··· Input records ···
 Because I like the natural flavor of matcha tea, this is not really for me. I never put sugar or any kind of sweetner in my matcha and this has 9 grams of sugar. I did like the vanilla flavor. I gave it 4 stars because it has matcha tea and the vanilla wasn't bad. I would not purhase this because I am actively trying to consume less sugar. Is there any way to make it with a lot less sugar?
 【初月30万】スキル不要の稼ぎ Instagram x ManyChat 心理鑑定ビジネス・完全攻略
···
··· Input records ···
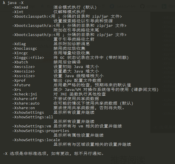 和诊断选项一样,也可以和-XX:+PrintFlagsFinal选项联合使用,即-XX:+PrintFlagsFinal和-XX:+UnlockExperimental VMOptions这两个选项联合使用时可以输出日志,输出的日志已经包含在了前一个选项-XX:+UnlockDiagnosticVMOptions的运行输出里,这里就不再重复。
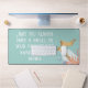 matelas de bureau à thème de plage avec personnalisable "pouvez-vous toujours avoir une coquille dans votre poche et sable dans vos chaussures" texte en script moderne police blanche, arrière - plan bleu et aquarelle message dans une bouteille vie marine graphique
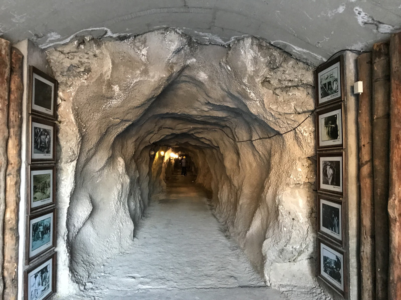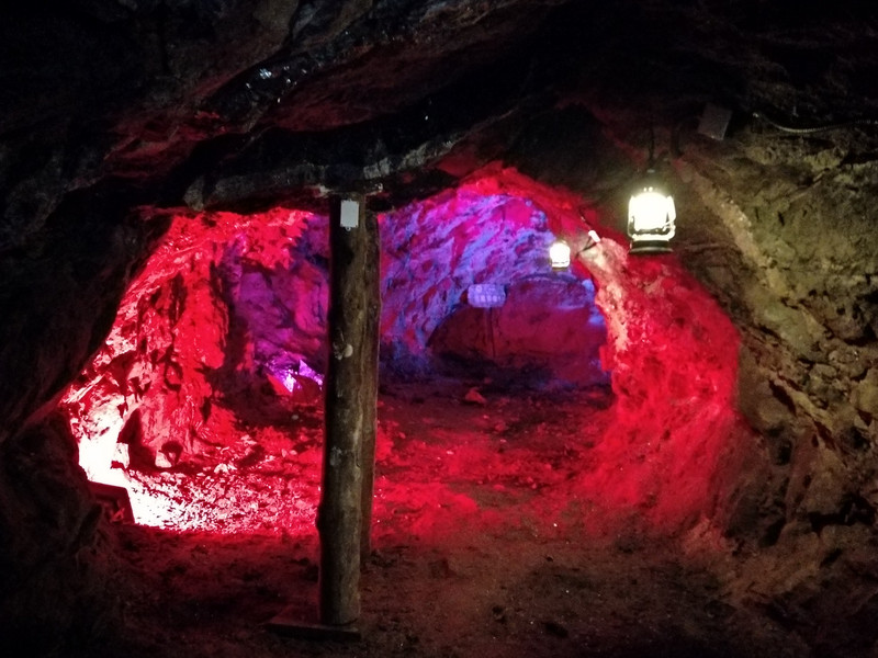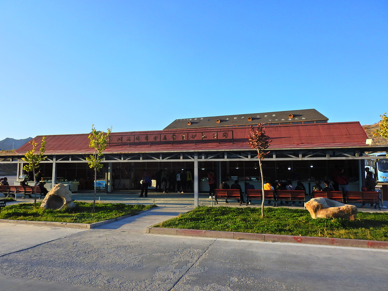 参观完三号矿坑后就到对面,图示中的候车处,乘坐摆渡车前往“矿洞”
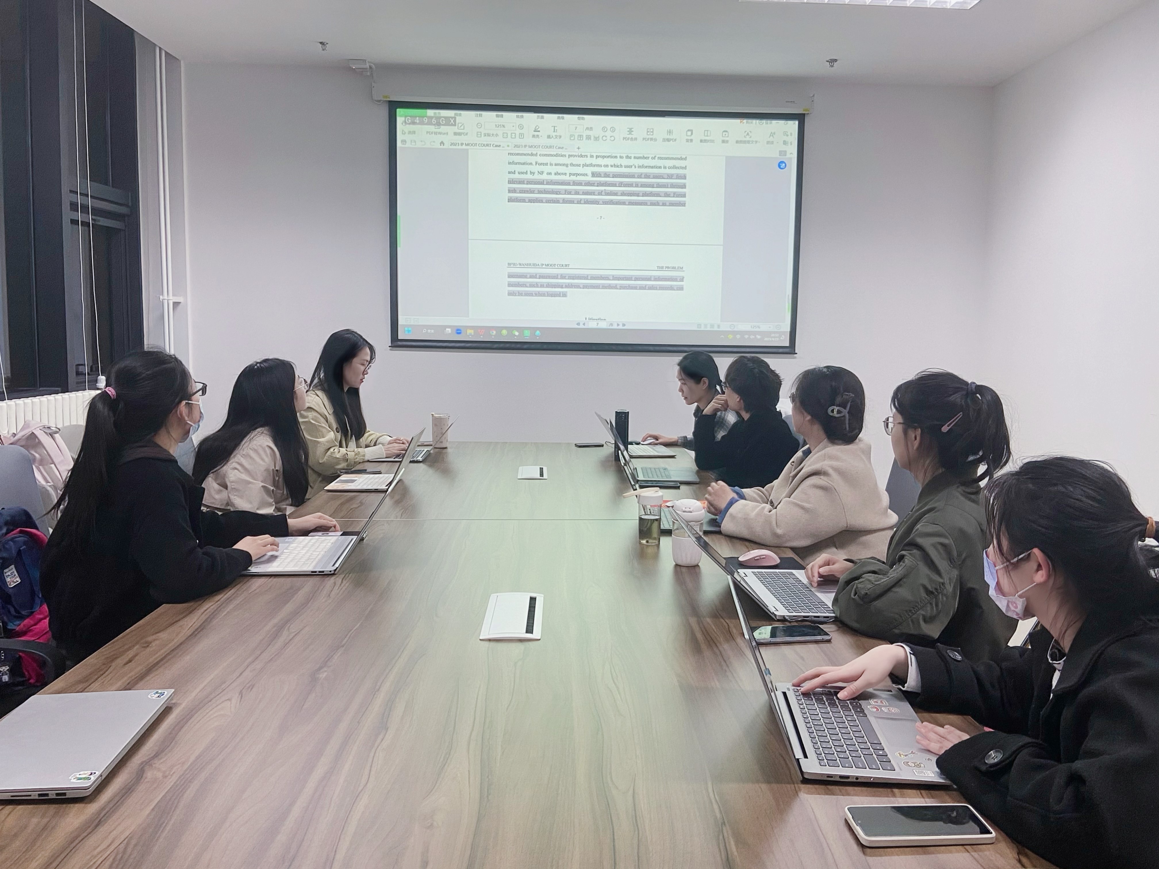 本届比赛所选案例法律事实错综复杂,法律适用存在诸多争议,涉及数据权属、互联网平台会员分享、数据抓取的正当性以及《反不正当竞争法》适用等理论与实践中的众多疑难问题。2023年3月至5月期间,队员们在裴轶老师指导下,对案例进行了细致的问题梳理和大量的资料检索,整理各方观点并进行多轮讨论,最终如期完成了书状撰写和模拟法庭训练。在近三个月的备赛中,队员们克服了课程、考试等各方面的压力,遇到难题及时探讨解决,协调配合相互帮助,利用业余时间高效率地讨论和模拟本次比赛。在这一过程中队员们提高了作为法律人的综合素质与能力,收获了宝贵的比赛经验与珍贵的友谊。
···
* Exercise: Above are the records; from them, give again exactly the lines from the one containing "Because I like" through the one containing "x ManyChat 心理鑑定ビジネス・完全攻略", both included.

* Answer space:
 Because I like the natural flavor of matcha tea, this is not really for me. I never put sugar or any kind of sweetner in my matcha and this has 9 grams of sugar. I did like the vanilla flavor. I gave it 4 stars because it has matcha tea and the vanilla wasn't bad. I would not purhase this because I am actively trying to consume less sugar. Is there any way to make it with a lot less sugar?
 【初月30万】スキル不要の稼ぎ Instagram x ManyChat 心理鑑定ビジネス・完全攻略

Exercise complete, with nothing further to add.